Navigating Grief During the Holidays

The holidays are a time of year when there’s joy, connection and celebration with friends and family. Everywhere you look, there are messages encouraging cheer, togetherness, and gratitude. But when you’re grieving, this season can feel painful and out of sync with the festive spirit around you and your inner world. If you are grieving this year, and the holidays feel heavier than you believe they should, know you are not alone — and that there is nothing wrong with you. 

Grief doesn’t follow a calendar. It doesn’t pause for traditions or festivities, and during the holidays, grief often becomes louder, more present, and harder to ignore. 

Why the Holidays can Intensify Grief 

Holidays tend to magnify loss because they are filled with meaning, memory, and expectation. Traditions that once brought comfort may now highlight who is missing. Familiar smells, songs, and rituals can trigger waves of sadness or longing without warning. 

There is also social pressure to appear “okay.” When the world seems to be celebrating, grief can feel isolating. Many people carry not only the pain of loss but also the burden of believing they should be further along or coping better by now. The truth is, grief has its own rhythm, and the holidays often disrupt whatever balance you may have found. 

How Grief May Show Up This Season 

Grief during the holidays can look different from day to day, even moment to moment. You might experience sudden sadness, irritability, emotional numbness, or a sense of disconnection from others. Your thoughts may drift to memories, regrets, or “if only” questions. Physically, you may notice fatigue, tension, difficulty sleeping, or changes in appetite. 
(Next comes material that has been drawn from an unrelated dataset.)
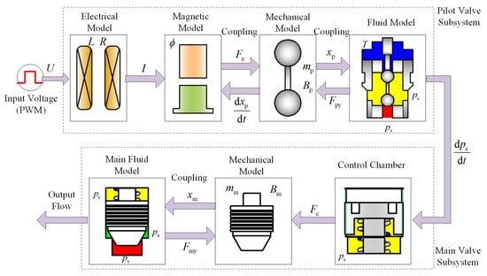 Before establishing the mathematical model of the AMOHSV, it is necessary to understand the motion mechanism and energy conversion of the AMOHSV, as shown in Figure 2. Under the driving voltage, the electro-mechanical converter (solenoid) converts electrical energy into mechanical energy and pushes the pilot valve to move. Then, the pilot valve outputs the flow rate to regulate the pressure of the control chamber for controlling the opening and closing of the main valve.

Relationally, gatherings may feel overwhelming, or you may feel misunderstood by people who want to help but don’t know how. These responses are not signs of failure — they are common and human reactions to loss. 

Give Yourself Permission 

One of the kindest things you can do for yourself during the holidays is to give yourself permission. Permission to feel whatever arises without judgment. Permission to say no to invitations or to leave early. Permission to change traditions — or skip them altogether. 

You are also allowed to experience moments of joy or laughter, even while grieving. These moments do not mean you have forgotten your loss or that your grief is less real. Grief and joy can coexist, even if that feels confusing or uncomfortable. 

Gentle Ways to Support Yourself 

  • Set boundaries that protect your energy. You do not need to attend every event or meet every expectation. Decide in advance what feels manageable and create an exit plan if emotions become overwhelming. Having simple phrases prepared — such as “I’m taking things day by day this year” — can make these decisions easier. 

  • Honor your loved one in ways that feel right to you. Some people find comfort in lighting a candle, sharing a story, or incorporating remembrance into a tradition. Others prefer private rituals or quiet moments of reflection. There is no correct way to honor a loss — only what feels tolerable and meaningful to you. 

  • Release the pressure to make the holidays feel a certain way. Instead of striving for joy or normalcy, consider approaching the season as something to move through with care. Allow this year’s holidays to look different. Let them be imperfect. 

Supporting Others Who are Grieving 

Grief within families can be complex, especially during the holidays. Children may express grief through behavior rather than words, or they may move in and out of grief quickly. Adults in the same family may cope in very different ways. 

Naming the absence, allowing questions, and modeling honesty can be more supportive than trying to protect others from sadness. It’s okay if each family member experiences the season differently. Shared grief does not require shared coping. 

When Grief Feels Too Heavy to Carry Alone 

There are times when the weight of grief becomes overwhelming — when emotions feel unmanageable, isolation deepens, or daily functioning becomes difficult. Reaching out for additional support during these moments is not a weakness. Grief counseling, support groups, or trusted professionals can provide a space where your experience is seen and understood. 

You deserve support, especially during a season that asks so much of the heart. 

A Closing Reflection 

Grief changes over time, but it does not disappear because the calendar turns or the holidays arrive. Love remains, even in absence. This season does not define your healing, nor does it determine how well you are grieving. 

Move through the holidays in a way that honors both your loss and your limits. Be gentle with yourself. You are doing the best you can — and that is enough.